> **What you are asked to do**: A word-for-word copy of the data, pictures excluded, is what this task asks for.

> **Data excerpt**:

################

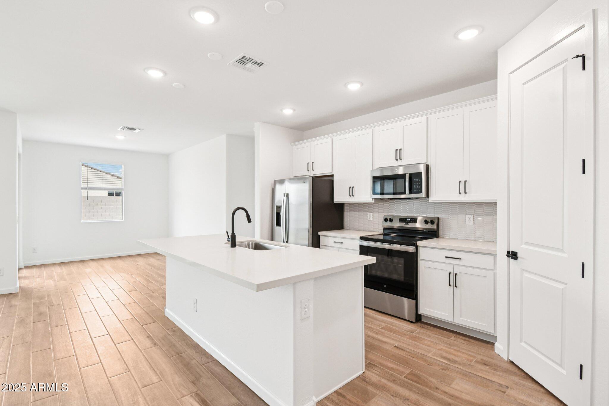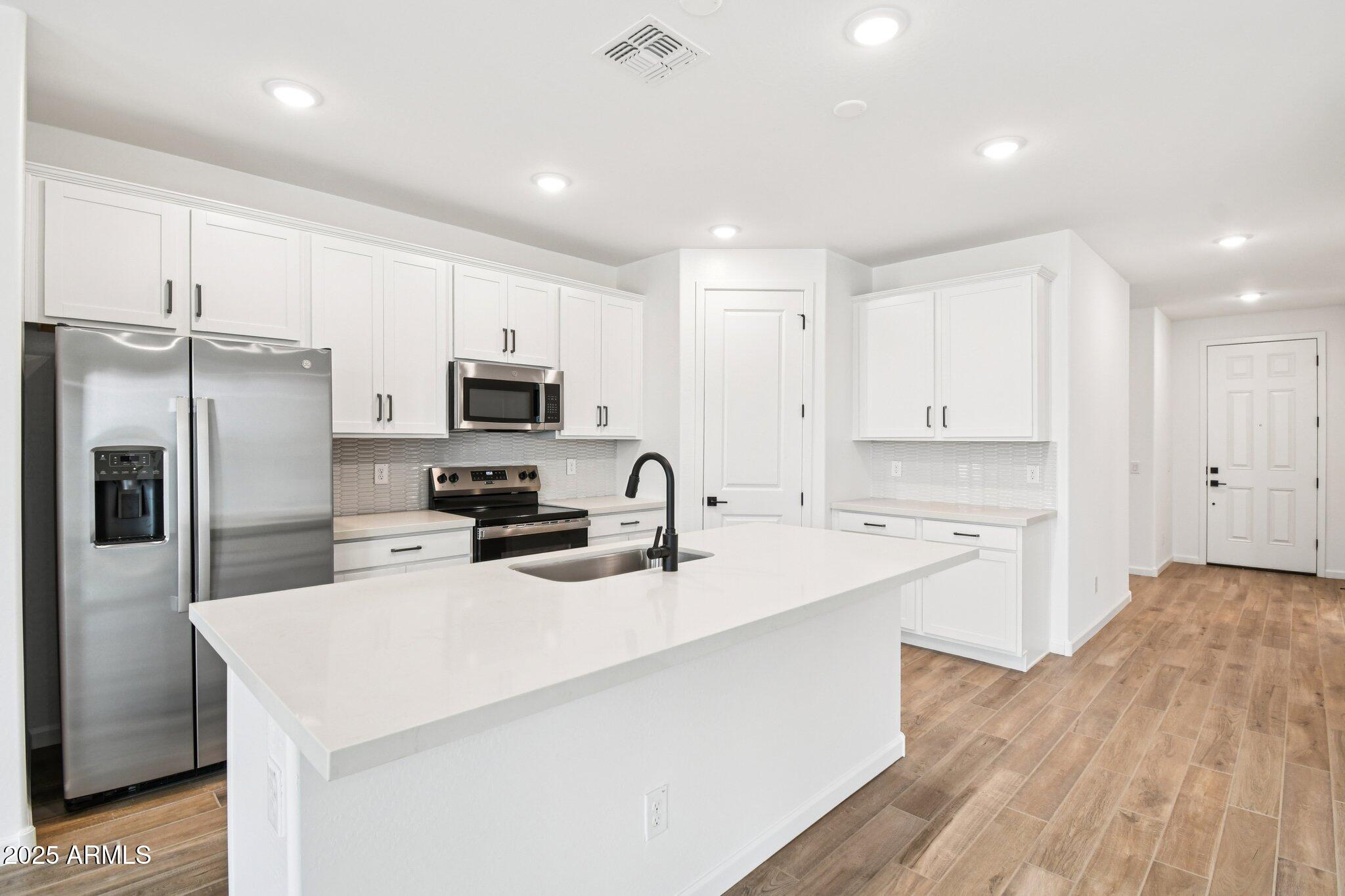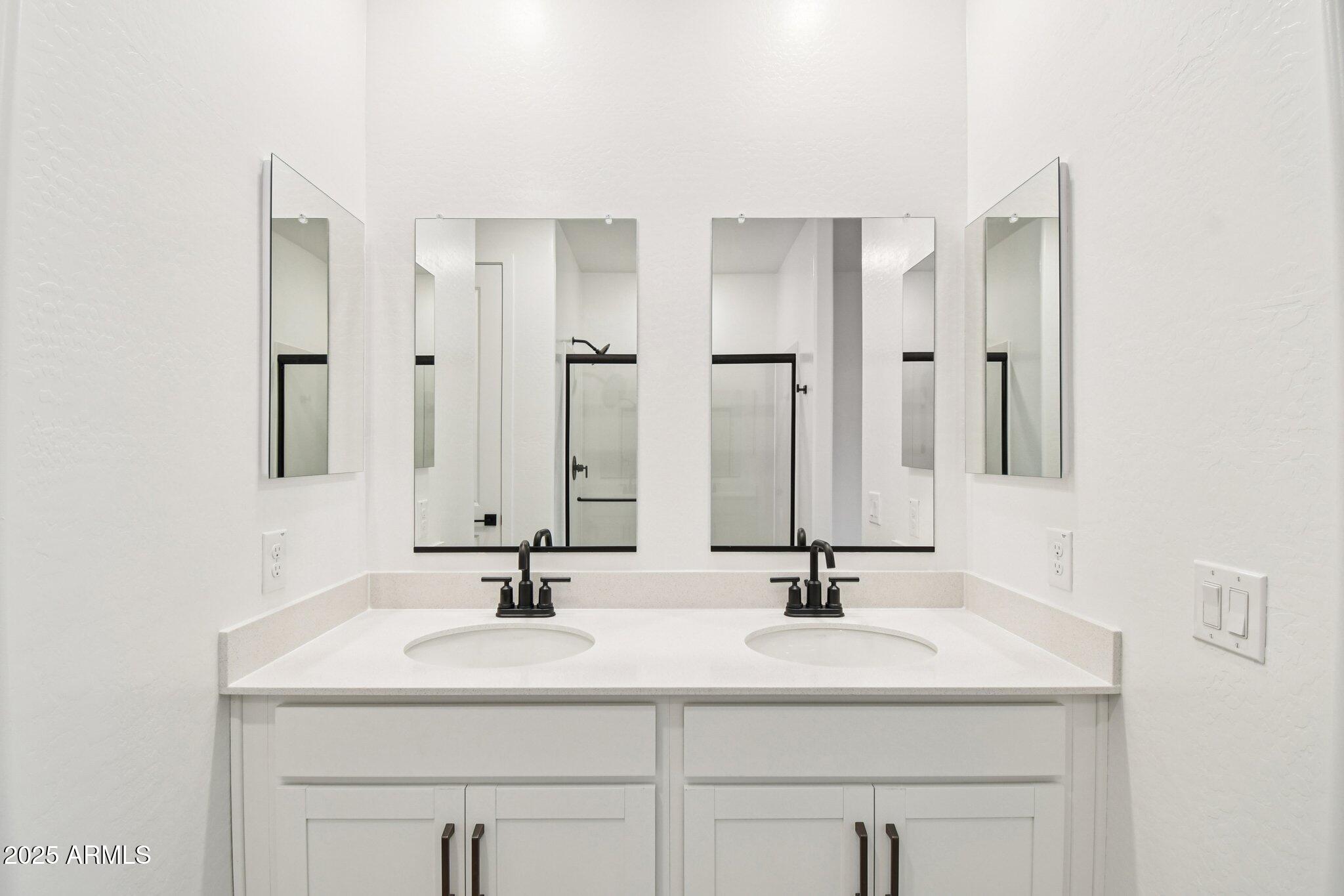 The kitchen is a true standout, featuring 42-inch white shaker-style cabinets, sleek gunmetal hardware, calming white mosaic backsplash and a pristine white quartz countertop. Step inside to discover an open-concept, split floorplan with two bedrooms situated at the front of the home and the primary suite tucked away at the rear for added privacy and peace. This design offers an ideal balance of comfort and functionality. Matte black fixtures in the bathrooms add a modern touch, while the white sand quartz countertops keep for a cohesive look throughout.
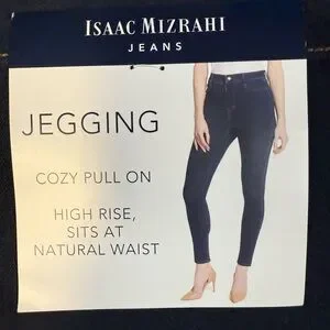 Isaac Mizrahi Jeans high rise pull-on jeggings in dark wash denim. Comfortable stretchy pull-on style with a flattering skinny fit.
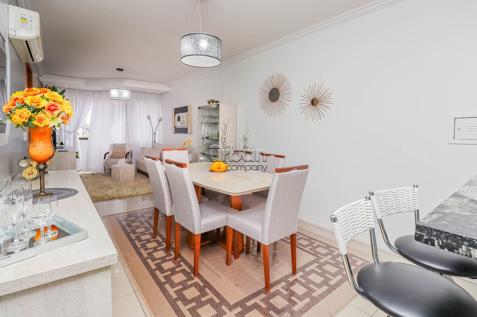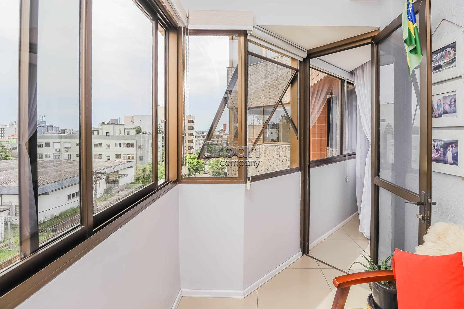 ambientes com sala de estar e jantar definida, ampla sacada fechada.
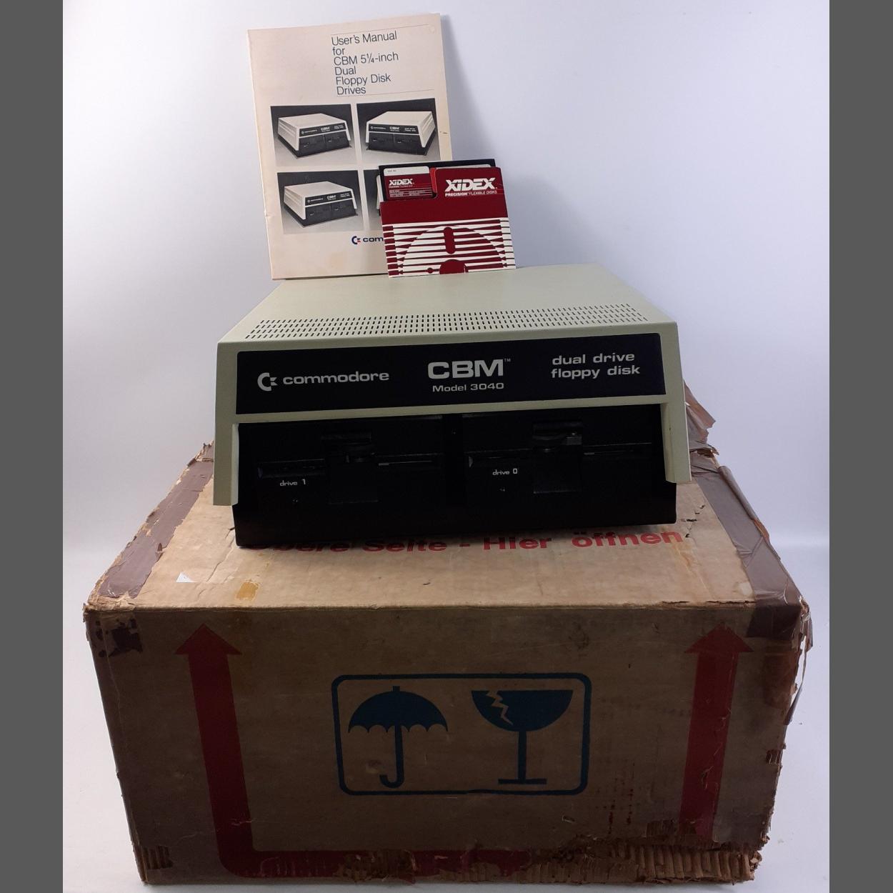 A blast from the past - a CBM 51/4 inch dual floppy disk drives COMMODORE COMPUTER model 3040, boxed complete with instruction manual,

################

> **Expected answer**:
 The kitchen is a true standout, featuring 42-inch white shaker-style cabinets, sleek gunmetal hardware, calming white mosaic backsplash and a pristine white quartz countertop. Step inside to discover an open-concept, split floorplan with two bedrooms situated at the front of the home and the primary suite tucked away at the rear for added privacy and peace. This design offers an ideal balance of comfort and functionality. Matte black fixtures in the bathrooms add a modern touch, while the white sand quartz countertops keep for a cohesive look throughout.
 Isaac Mizrahi Jeans high rise pull-on jeggings in dark wash denim. Comfortable stretchy pull-on style with a flattering skinny fit.
 ambientes com sala de estar e jantar definida, ampla sacada fechada.
 A blast from the past - a CBM 51/4 inch dual floppy disk drives COMMODORE COMPUTER model 3040, boxed complete with instruction manual,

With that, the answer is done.